ОБЛАСТНОЙ КОНКУРС КОМПОЗИТОРОВ

Начало в 16.00

    Я равнодушно пробежал эти строчки глазами и уже собрался было уходить, но меня привлекло слово "конкурс". Так как делать мне все равно было нечего, а на конкурсе, как мне показалось, должно было быть весело, я отправился в сторону филармонии. До четырех была уйма времени, поэтому я не торопился, а шел довольно медленно и поглядывал по сторонам. Солнце, еще утром прятавшееся в тучи, слепило глаза. Мне было тепло и хорошо от мысли, что жизнь не закончилась, нет, вот она - кипит, крутится, бежит, обгоняя меня.
    А люди вокруг и в самом деле бежали, да что бежали - неслись. "И куда им всем, зачем им всем спешить, ведь можно просто остановиться и посмотреть, какой сегодня выдался хороший день,"- думал я, глядя на них. Но только я сам остановился, как меня буквально снес молодой человек с огромной сумкой, прокричавший что-то вроде "Пропустите, я опаздываю!" Видимо, это молодой папаша, да еще, наверное, студент. Вот так и летит она, жизнь - не успеешь родиться, а уже куда-то спешить надо, не успеешь отучиться, а уже у самого ребеночек дома вякает. А потом смотришь - и уже сидишь с палочкой на скамейке в садике и думаешь - куда жизнь-то делась, на что истратилась! Ради кого, ради чего все?
    Тут я услышал какие-то крики. За углом, у двери гастронома стояла огромная, шумная, извивающаяся очередь. Времени у меня было достаточно, поэтому я подошел ближе, прислушиваясь, о чем кричат.
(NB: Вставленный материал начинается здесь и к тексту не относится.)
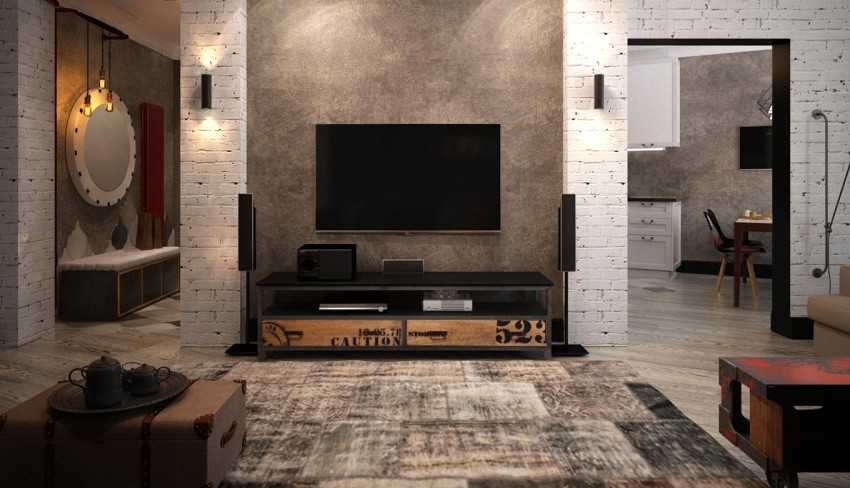 Темная прямоугольная тумба, подходящая для стиля лофт

Однако шум был самый обычный, "очередной". Кто-то кричал, что всем не хватит, кто-то брызжа слюной уверял, что "этот гад в сером пальто здесь не стоял", а кто-то толкался к прилавку, подняв над головой книжечку и что-то бормоча про инвалида труда. Толпа гудела и волновалась как море. Не найдя в этой картине ничего интересного, я собрался уже уходить, но тут из очереди донесся знакомый голос: "Николай Петрович!" Я пошарил глазами, но никого не увидел. "Я здесь!"- вновь донеслось до меня, и я заметил в самом начале очереди машущего мне Климентия. Он стоял почти у самого прилавка, поэтому ему было чрезвычайно трудно сохранять вертикальное положение. Держась за чьи-то спины, он улыбался и делал мне призывные жесты рукой. Было очень смешно видеть, как этого маленького, худенького, со сморщенным улыбающимся лицом человека бросало из стороны в сторону, словно он находился в кузове несущегося по ухабистой дороге грузовика. Подойдя ближе, я спросил, пытаясь перекричать гам толпы, что здесь дают. Климентий меня не услышал, зато какая-то старуха, пытающаяся втиснуться в середину, сказала: "Чего дают - не знаю, но тебе все равно не достанется!" В этот момент очередь встала на дыбы и поперла вперед. Климентия окончательно завалило телами, и я, потеряв его из виду, решил продолжать свой путь.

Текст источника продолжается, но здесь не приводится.